DuckDB
DuckDB (opens in a new tab) is an in-process SQL OLAP database management system, and has
support for querying data in CSV, JSON and Parquet formats from an AWS
S3-compatible blob storage. This means you can query data stored in AWS S3,
Google Cloud Storage, or Cloudflare R2 (opens in a new tab).
You can also use the CUBEJS_DB_DUCKDB_DATABASE_PATH
environment variable to
connect to a local DuckDB database.
Cube can also connect to MotherDuck (opens in a new tab), a cloud-based serverless analytics platform built on DuckDB. When connected to MotherDuck, DuckDB uses hybrid execution (opens in a new tab) and routes queries to S3 through MotherDuck for better performance.
Prerequisites
- A set of IAM credentials which allow access to the S3-compatible data source.
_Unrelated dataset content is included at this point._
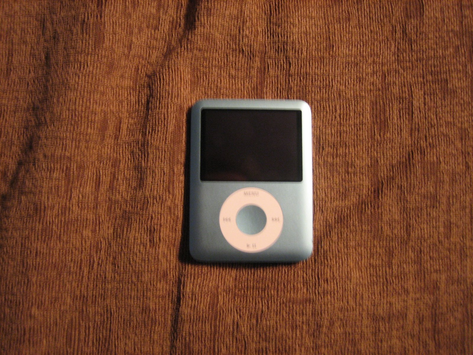 This is an itty bitty 8GB iPod Nano. It’s very cute, and it’ll be great to take with me to ASG so I can listen to music and my annoying podcasts on the airplane without bothering people. I also downloaded a pattern today to knit the Nano its own little sock. 🙂
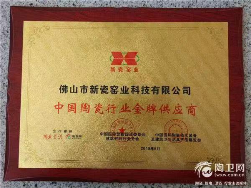 熊晓峰:近三年以来,新瓷窑业先后斩获“中国陶瓷行业金牌供应商”、中国陶瓷工业协会“节能窑炉标杆企业”、“陶瓷装备技术革新金奖”等权威荣誉。

Credentials are only required for private S3 buckets.
- The region of the bucket
- The name of a bucket to query data from
Setup
Manual
Add the following to a .env
file in your Cube project:
CUBEJS_DB_TYPE=duckdb
Cube Cloud
In Cube Cloud, select DuckDB when creating a new deployment and fill in the required fields:
If you are not using MotherDuck, leave the MotherDuck Token field blank.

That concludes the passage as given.